- INSTRUCTIONS FOR THE TASK -
Could you copy exactly the lines below, beginning at the line with "Suppose, that the" and stopping after the line with "Simply sweet and", with no pictures?

- SUPPLIED RECORDS -

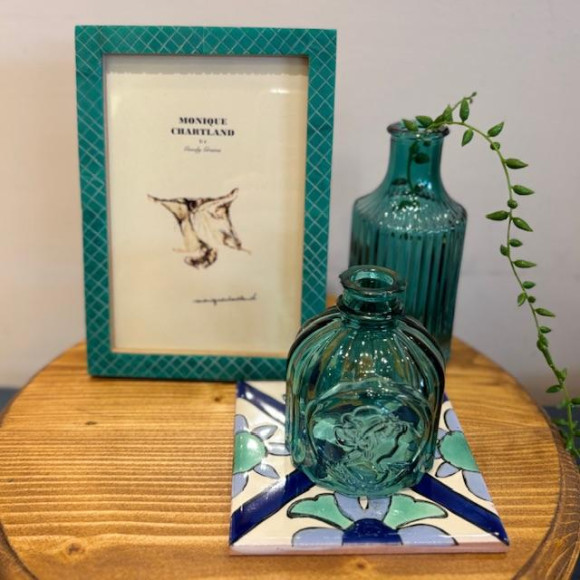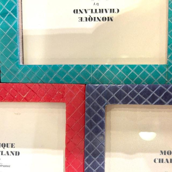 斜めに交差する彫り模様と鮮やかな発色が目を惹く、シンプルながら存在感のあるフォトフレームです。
...
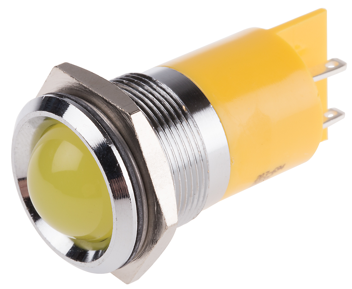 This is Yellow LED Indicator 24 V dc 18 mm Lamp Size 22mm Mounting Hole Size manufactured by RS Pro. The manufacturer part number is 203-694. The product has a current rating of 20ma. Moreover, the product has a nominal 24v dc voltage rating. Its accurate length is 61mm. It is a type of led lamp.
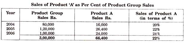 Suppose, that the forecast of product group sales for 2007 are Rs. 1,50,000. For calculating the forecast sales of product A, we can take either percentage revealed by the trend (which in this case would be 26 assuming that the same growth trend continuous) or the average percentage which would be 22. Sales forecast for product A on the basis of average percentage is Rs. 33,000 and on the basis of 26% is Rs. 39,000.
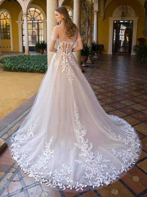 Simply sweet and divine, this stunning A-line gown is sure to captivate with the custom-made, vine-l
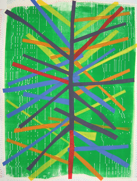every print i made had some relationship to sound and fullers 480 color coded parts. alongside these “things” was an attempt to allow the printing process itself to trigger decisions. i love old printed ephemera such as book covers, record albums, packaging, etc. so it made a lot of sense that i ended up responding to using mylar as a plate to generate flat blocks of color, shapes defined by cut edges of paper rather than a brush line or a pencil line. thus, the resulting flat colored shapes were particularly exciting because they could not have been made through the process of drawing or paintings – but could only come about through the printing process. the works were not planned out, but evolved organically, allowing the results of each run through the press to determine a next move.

- TASK SOLUTION -
 Suppose, that the forecast of product group sales for 2007 are Rs. 1,50,000. For calculating the forecast sales of product A, we can take either percentage revealed by the trend (which in this case would be 26 assuming that the same growth trend continuous) or the average percentage which would be 22. Sales forecast for product A on the basis of average percentage is Rs. 33,000 and on the basis of 26% is Rs. 39,000.
 Simply sweet and divine, this stunning A-line gown is sure to captivate with the custom-made, vine-l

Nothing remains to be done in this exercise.